Personal information
- Full name: Ross David Dyer
- Date of birth: 12 May 1988 (age 38)
- Place of birth: Stafford, England
- Height: 6 ft 2 in (1.88 m)
- Position: Forward

Senior career*
- Years: Team / Apps / (Gls)
- 200?–2010: Hednesford Town
- 2010–2011: Forest Green Rovers / 31 / (5)
- 2011–2014: Mansfield Town / 58 / (10)
- 2013: → Hereford United (loan) / 5 / (3)
- 2014–2015: Halifax Town / 13 / (1)
- 2014: → Southport (loan) / 6 / (0)
- 2015: → AFC Telford United (loan) / 14 / (0)
- 2015–2017: Tamworth / 77 / (17)

= Ross Dyer (footballer) =

English footballer

Ross David Dyer (born 12 May 1988) is an English semi-professional footballer who last played for Conference North side Tamworth, where he played as a striker.

He can name Mansfield Town, Hednesford Town, Forest Green Rovers and Halifax Town among his previous clubs.

==Playing career==
===Hednesford Town===
Dyer began his career with Hednesford Town, where after coming through the youth system, he eventually progressed to become the club's first team captain.

===Forest Green Rovers===
He joined Forest Green Rovers in May 2010 on a one-year deal. However he suffered an ankle injury in September 2010 that ruled him out temporarily. He scored five goals in 32 games in the 2010–11 season for Forest Green.

===Mansfield Town===
Dyer then joined Mansfield Town in August 2011, with his £6,000 compensation fee being paid by Mansfield Town's fundraising group the 12th Stag. He scored nine goals in 47 appearances in the 2011–12 season.
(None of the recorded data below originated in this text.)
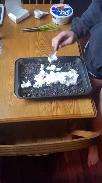 4. Extender uniformemente la mezcla de queso fresco crema látigo sobre la corteza de galleta
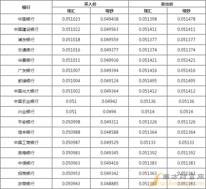1日元=0.05100人民币
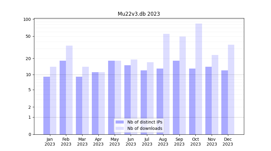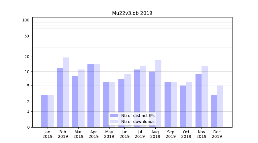 Number of downloads for annotation package Mu22v3.db, year by year, from 2025 back to 2014 (years with no downloads are omitted):
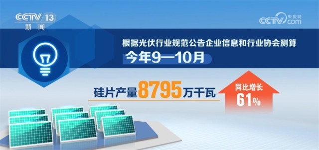 央視網(wǎng)消息:工業(yè)和信息化部昨天(12月13日)發(fā)布當前全國光伏制造行業(yè)最新運行情況。數(shù)據(jù)顯示,今年9—10月,我國光伏制造業(yè)保持高位運行,硅料、硅片、電池、組件產(chǎn)量同比增長均超60%。

He was limited to one appearance in the 2012–13 campaign after picking up a cruciate knee ligament injury, as the "Stags" won promotion to the Football League as champions of the Conference Premier. He made his Football League debut on 3 August 2013, starting in a 2–0 defeat to Scunthorpe United.

===Hereford United (loan)===
On 11 October 2013, he joined Hereford United on a one-month loan deal. After three seasons with Mansfield he was released at the end of the 2013–14 season.

===F.C. Halifax Town===
On Friday 27 June 2014, it was announced that Dyer had signed for Conference Premier FC Halifax Town.

===Tamworth===
On 18 June 2015, Dyer joined Conference North side Tamworth on a one-year deal, following his release from FC Halifax Town.